BEGIN
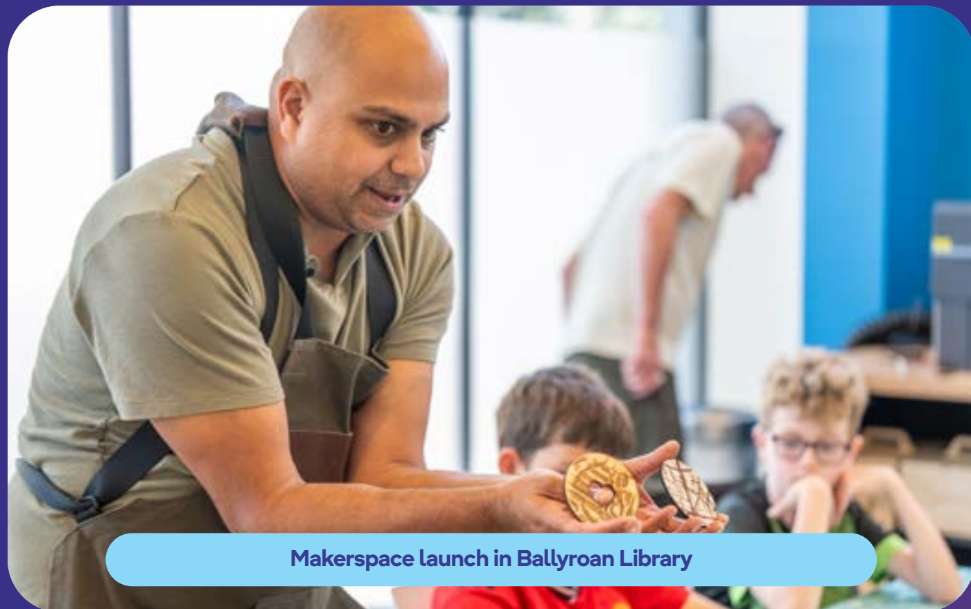
Makerspace launch in Ballyroan Library
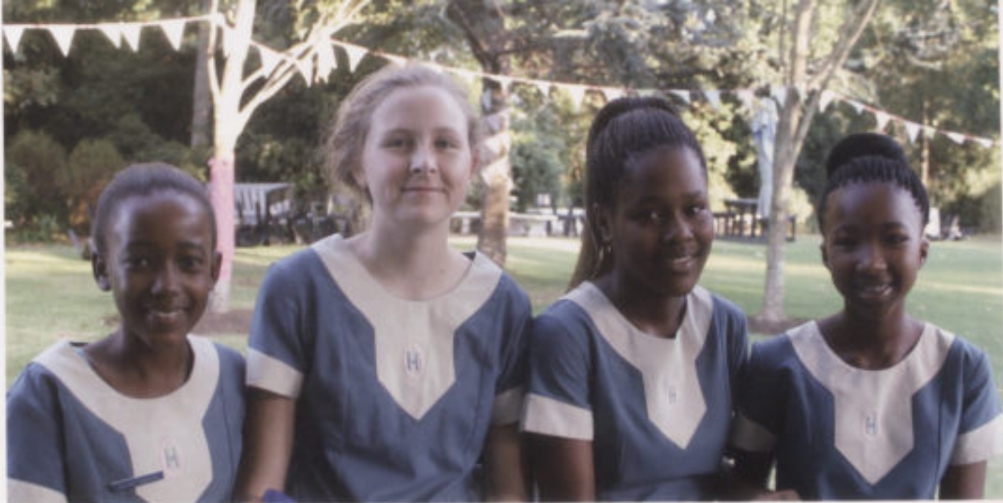
Our Grade 8 boarders in their first week in Arderne House.
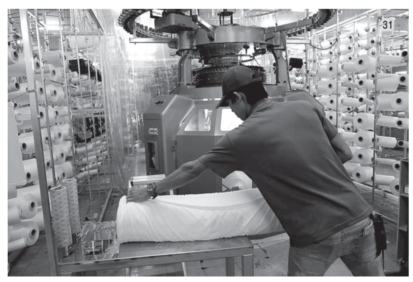
Burmese migrant trainee working in a garment factory. Komatsu, Japan, July 2016
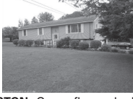
EDDINGTON Open floor plan! 3 BR/2BA, hdwd flrs, 2 car gar. 12x16 shed, paved drive, close to all amenities. 1.75 ac lot, open deck. $199,900 Dottie Boynton, Realty of Maine, 852-2233
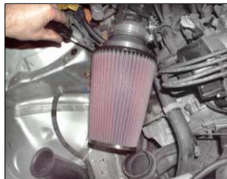
Fig. # 9
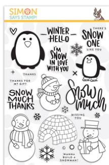
Simon Says Clear Stamps SNOW MUCH...

Here are the supplies used in today's Simon Says Snow Much Card. Where available I use Compensated Affiliate Links, which means if you make a purchase through my link, I receive a small commission at no extra cost to you. Thank you so very much for your support, I truly appreciate it.
END
Each line that includes the word "Says" counts once; report how many such lines the entries have, and nothing else.

• ANSWER FOR THE TASK:
2